9 7. Question: Theory B does not explain how there could be exploitative bids. (a) With a pill, no such bid could succeed. (b) Without DT, there would be no demand for the firm. 8. Regarding (b), the shareholders require a premium to tender. Let the winning bid be b = (1 + λ)p. The bidder’s expected return is v – b. A bidder thus apparently must believe that the firm is worth (at least) its current price plus the expected value of its project. But there is no reason for the bidder to believe that the firm has new positive value projects when the market thinks the firm is worth only its current price. 9. Put another way, the assumption that δT(βR) is private information apparently precludes exploitative bids because potential acquirers have no reason to make them. Are bids random events?

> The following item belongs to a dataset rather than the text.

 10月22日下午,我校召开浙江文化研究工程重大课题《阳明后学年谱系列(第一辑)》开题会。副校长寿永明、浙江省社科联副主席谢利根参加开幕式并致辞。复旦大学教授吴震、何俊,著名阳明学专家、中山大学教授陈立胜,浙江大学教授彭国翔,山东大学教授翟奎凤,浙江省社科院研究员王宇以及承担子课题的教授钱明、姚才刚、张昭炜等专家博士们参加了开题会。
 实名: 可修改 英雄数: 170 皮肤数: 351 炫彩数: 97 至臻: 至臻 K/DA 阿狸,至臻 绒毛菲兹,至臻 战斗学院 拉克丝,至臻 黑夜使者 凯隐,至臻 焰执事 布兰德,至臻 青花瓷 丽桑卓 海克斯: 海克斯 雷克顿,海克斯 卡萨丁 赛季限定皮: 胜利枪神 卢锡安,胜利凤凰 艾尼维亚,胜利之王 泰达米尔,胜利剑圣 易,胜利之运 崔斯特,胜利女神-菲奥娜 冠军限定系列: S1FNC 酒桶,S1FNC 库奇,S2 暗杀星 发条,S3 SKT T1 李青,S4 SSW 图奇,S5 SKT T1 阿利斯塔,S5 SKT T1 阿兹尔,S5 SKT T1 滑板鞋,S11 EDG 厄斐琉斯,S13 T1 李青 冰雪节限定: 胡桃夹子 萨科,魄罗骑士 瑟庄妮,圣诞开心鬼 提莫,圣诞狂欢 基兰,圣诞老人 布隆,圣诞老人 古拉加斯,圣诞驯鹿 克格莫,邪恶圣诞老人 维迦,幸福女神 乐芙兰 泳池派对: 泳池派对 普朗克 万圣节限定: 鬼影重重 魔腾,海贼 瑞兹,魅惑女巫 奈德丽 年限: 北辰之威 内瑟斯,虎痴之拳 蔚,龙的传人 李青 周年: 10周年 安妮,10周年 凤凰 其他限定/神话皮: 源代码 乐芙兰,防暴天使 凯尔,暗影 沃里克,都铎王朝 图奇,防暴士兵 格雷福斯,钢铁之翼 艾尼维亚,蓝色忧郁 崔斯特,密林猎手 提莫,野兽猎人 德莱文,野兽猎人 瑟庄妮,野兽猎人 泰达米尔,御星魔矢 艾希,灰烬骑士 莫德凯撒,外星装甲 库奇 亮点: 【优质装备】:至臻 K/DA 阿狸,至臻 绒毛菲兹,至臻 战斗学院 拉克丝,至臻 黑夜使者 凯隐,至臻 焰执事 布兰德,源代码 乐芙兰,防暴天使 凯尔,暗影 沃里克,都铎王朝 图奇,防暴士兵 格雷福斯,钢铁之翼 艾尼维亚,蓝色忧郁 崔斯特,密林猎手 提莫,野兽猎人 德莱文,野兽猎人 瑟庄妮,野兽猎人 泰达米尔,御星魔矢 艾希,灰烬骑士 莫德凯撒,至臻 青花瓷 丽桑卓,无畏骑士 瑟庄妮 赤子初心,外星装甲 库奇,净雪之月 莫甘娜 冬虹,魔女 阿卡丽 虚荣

10 10. Further Questions: The Board only needs protection from exploitative bids between t0 and T-1: the “short run”. “In the long run, when projects materialize, there is no economic rationale to continue to protect firm insiders from shareholder discipline.” 11. Is there a mechanism to implement the governance transition from the short to the long run? 12. At time T, the board should declassify because either (a) the project has failed so the market price p is true and bids are welcome, or (b) the project has succeeded so the market price becomes p* and there cannot be exploitative bids. 13. Do shareholders declassify boards when they should? What should the shareholders do if the firm begins a new project? Will the market misvalue every project? Is the short run/long run distinction implementable?

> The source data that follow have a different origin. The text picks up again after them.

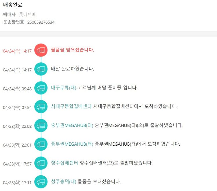 기부자님이 사용한 기부포인트 9,550원, 가격상승분 146원, 100원 미만 지원금 20원, 결제 수수료 11,798원, 기타 사업비는 행복나눔재단이 부담했습니다. (기부후기 발송시점에 최종 업데이트 됩니다.) 실제 쇼핑몰에서 확인되는 배송현황을 캡처한 내용입니다. 실시간 자료와는 차이가 있을 수 있습니다.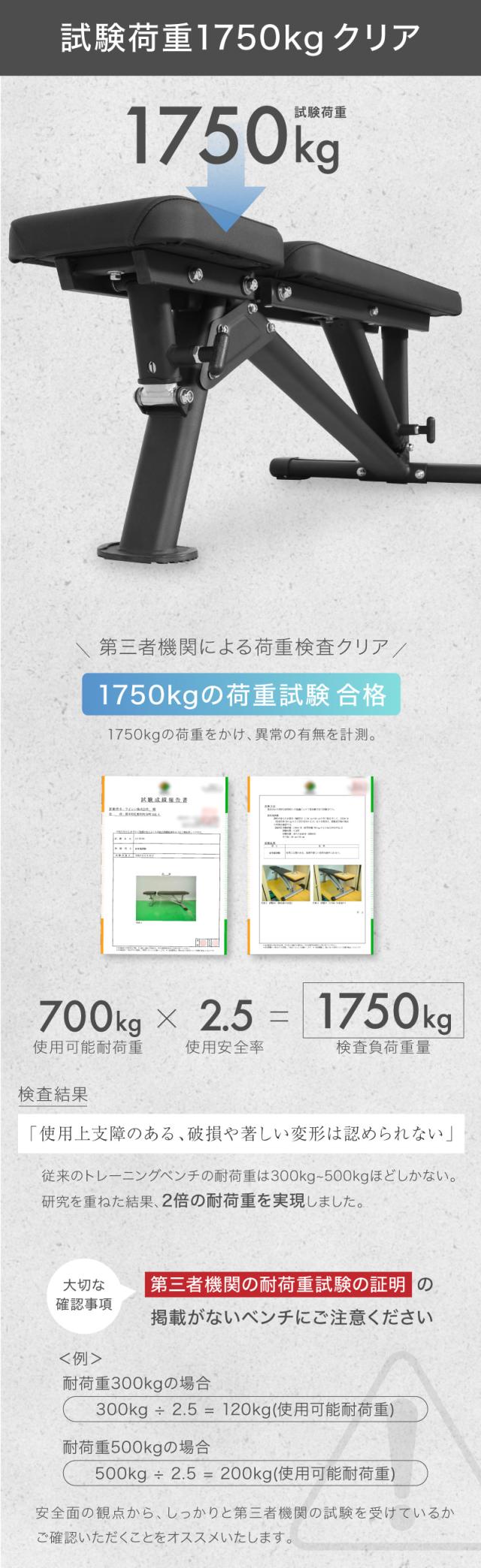 試験荷重1750kgクリア(耐荷重700kg)のインクラインベンチ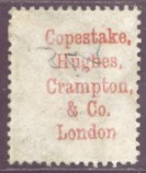 The example below is PP56 a 1d. Venetian red (SG 166 or K3) with a Copestake, Hughes Crampton & Co., London type 18 underprint.

11 14. The paper offers a second reason for shareholders to protect boards. It may sometimes be optimal for firms to favor stakeholders at the possible short term expense of shareholders but to the long run value of the firm. The market may punish the firm for sharing wealth with stakeholders, however, so forward looking shareholders protect the board with DT. 15. Caution may be appropriate here because the conditions under which it is optimal for a firm to take stakeholders into account are strict: They include that the firm has monopoly power; the stakeholders are “close” – i.e., customers – and the firm can assign appropriate weights to stakeholder interests. But it may be impossible, on current wisdom, to assign appropriate weights without a market in stakeholder claims. For these conditions, see Magill, et al., “A Theory of the Stakeholder Corporation”, 83 Econometrica (2015). 16. Perhaps the stakeholder claim should be softened or the authors should do more theory.

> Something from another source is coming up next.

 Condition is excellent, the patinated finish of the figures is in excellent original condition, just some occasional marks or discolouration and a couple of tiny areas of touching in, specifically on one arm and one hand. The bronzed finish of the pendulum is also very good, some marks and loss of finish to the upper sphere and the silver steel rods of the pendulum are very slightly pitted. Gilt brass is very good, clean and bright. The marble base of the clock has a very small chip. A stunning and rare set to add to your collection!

12 17. Finally, the paper uncovers an interesting puzzle: the DT effect on firm value appears systematically in the data only in the last 20 years. Before then, the data seem random. 18. The paper suggests an answer: the need for board protection has become more urgent as the clamor for shareholder power has become louder. 19. This may be right but is at odds with the conventional view that boards were more vulnerable to exploitative bids before the poison pill “revolution” – circa than after. 20. Hence, the puzzle may remain unless the paper makes more precise its view that exploitative bids pose a greater danger to firms in the last two decades than before.

13 Conclusion 1. This paper develops important and interesting empirical results. When it stays within the current conventions of discourse, it reverses the conventional wisdom: shareholder blessed DT can be good. 2. Viewed in a broader framework, this line of research raises theoretical questions. (a) If social welfare and firm welfare likely correspond inexactly, why study firm welfare? (b) Institutional investors and proxy advisors will not support majority insurgent director slates, so an insurgent must run two proxy contests with an ordinary board. Why do classified boards matter? (c) How can exploitative bids exist given the pill and that long term project predictions are private information?(d) What market equilibria do various DT levels support? 3. The paper develops interesting results but more importantly raises interesting questions.